Sample or Throttle High-Volume LLM Telemetry
LLM workloads can produce large volumes of telemetry. Use sampling and filtering in Pipelines to keep what matters most: expensive requests, errors, guardrail activity, and representative samples of routine traffic–lowering noise and downstream storage and compute cost.
You might:
- Retain all spans where total tokens exceed a threshold.
- Sample low-token requests at a low rate.
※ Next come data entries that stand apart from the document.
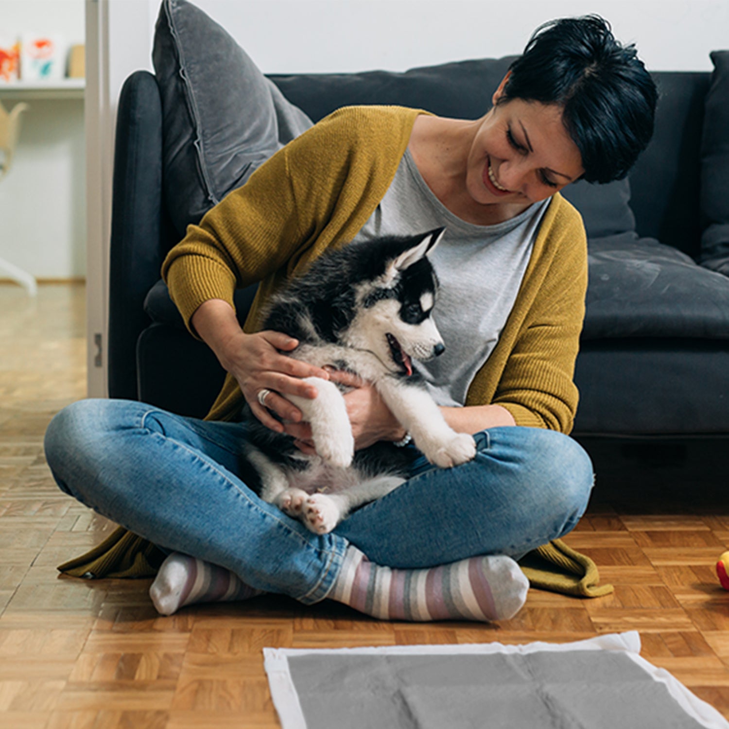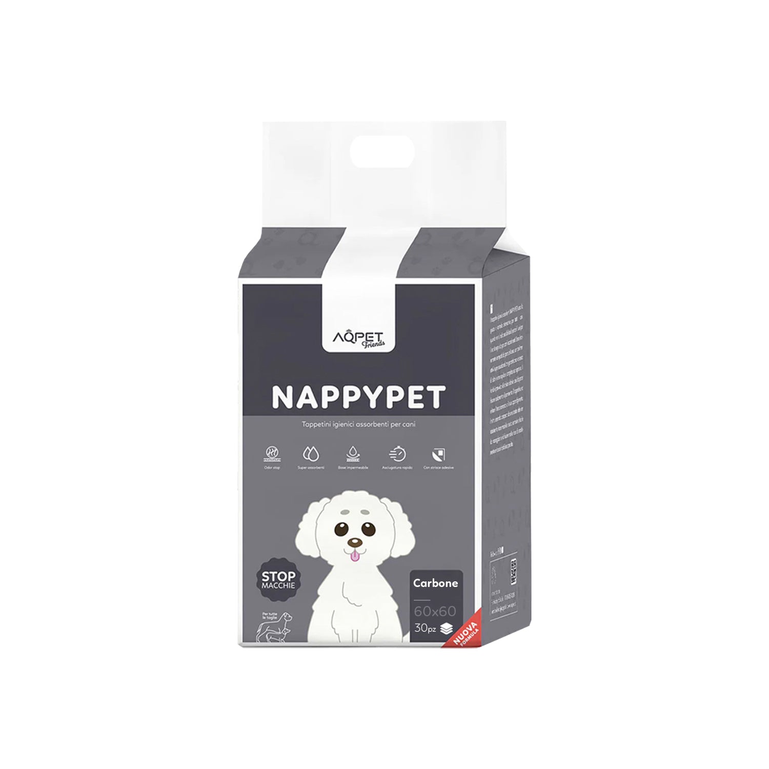 Nappy Pet Carbo targati Aqpet, sono dei tappetini assorbenti igienici, adatti per tutti i cani quando non si ha la possibilità di portarli fuori per i loro bisogni e/o per cani incontinenti. Composti da uno strato di carbone attivo vegetale che neutralizza gli odori.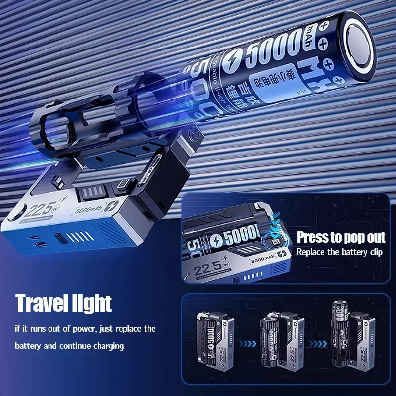 Replaceable Battery Pack 20000mAh 22.5W Fast Charging External Battery Two-way Quick Charge for IPhone Samsung Xiaomi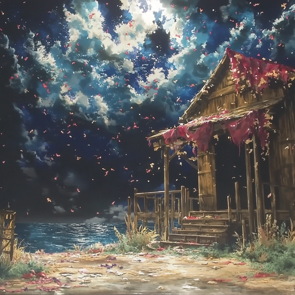 The lighting creates a dramatic interplay between shadowed areas and bright highlights, adding depth and texture. The vivid palette heightens contrasts between saturation and subtlety, while layered compositions evoke a sense of movement and narrative progression.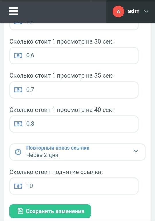 4. The site creator can configure prices for views and the interval in the control panel.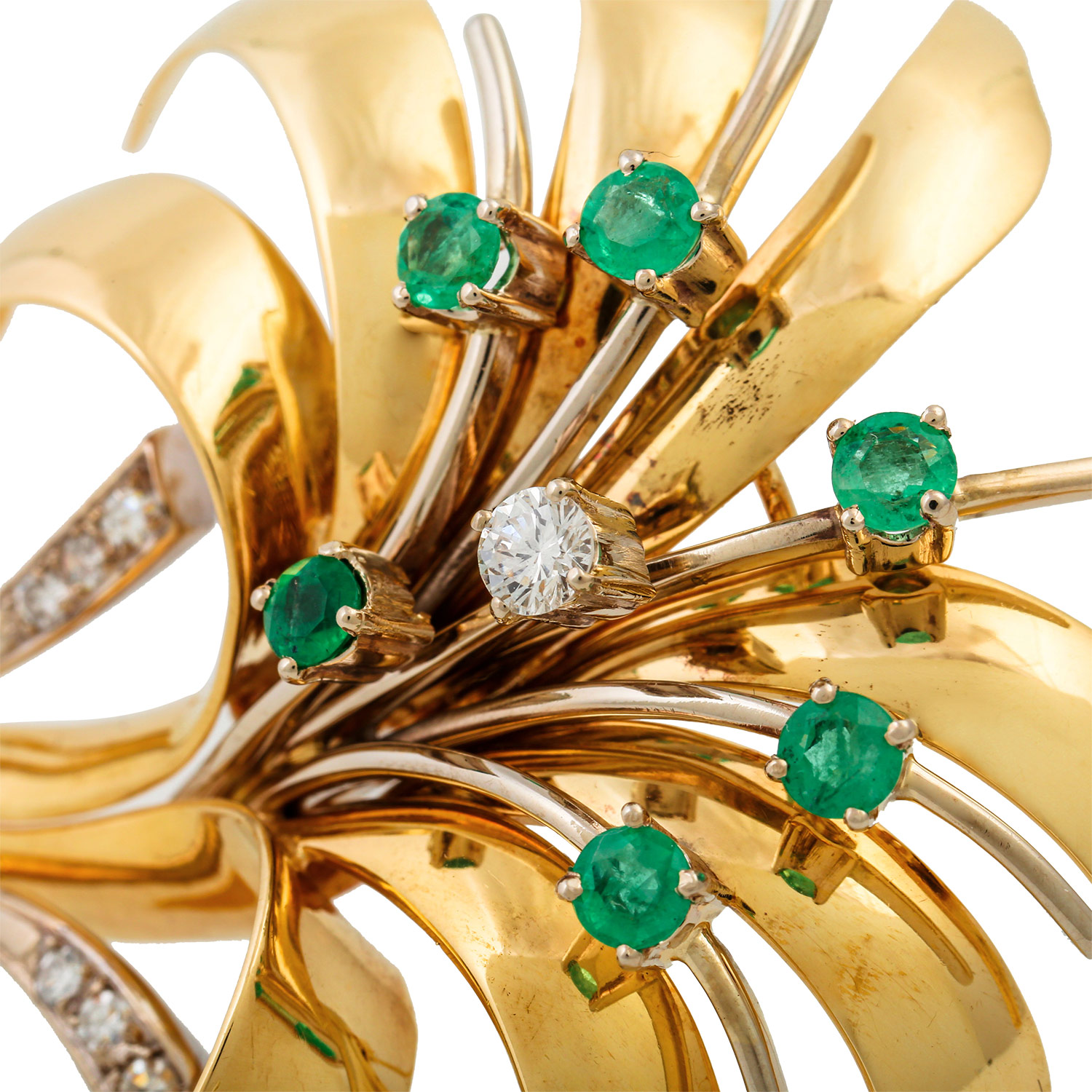 with fac. Emeralds, brilliant-cut diamond of approx. 0.18 ct, approx. LGW/SI, 6 octagonal diam., GG/ WG 14K, D: approx. 5 cm.

- Always keep spans that show errors or guardrail activity.
Use Sample and Drop Functions
Layer Sampling and Drop Functions in a Pipeline so you can keep errors, guardrail hits, and costly requests while trimming routine traffic.
- On the Route that handles your LLM spans, attach a Pipeline.
- Add Sampling Functions for probabilistic sampling, or Drop Functions for rule-based exclusion.
- Filter on token or cost fields (for example, total tokens per request, or per-request cost if available).
- Combine with other fields: service or application name, environment, user or tenant metadata, and error or status indicators.
This approach keeps full visibility into costly, anomalous, or security-relevant activity while trimming bulk low-signal events.

Prerequisites
- LLM spans that include token counts, cost, status, or other fields you can use in Filters.
- Agreement on sampling policies (for example, always keep errors, sample successes).
See LLM Telemetry Use Cases in Cribl for typical field names.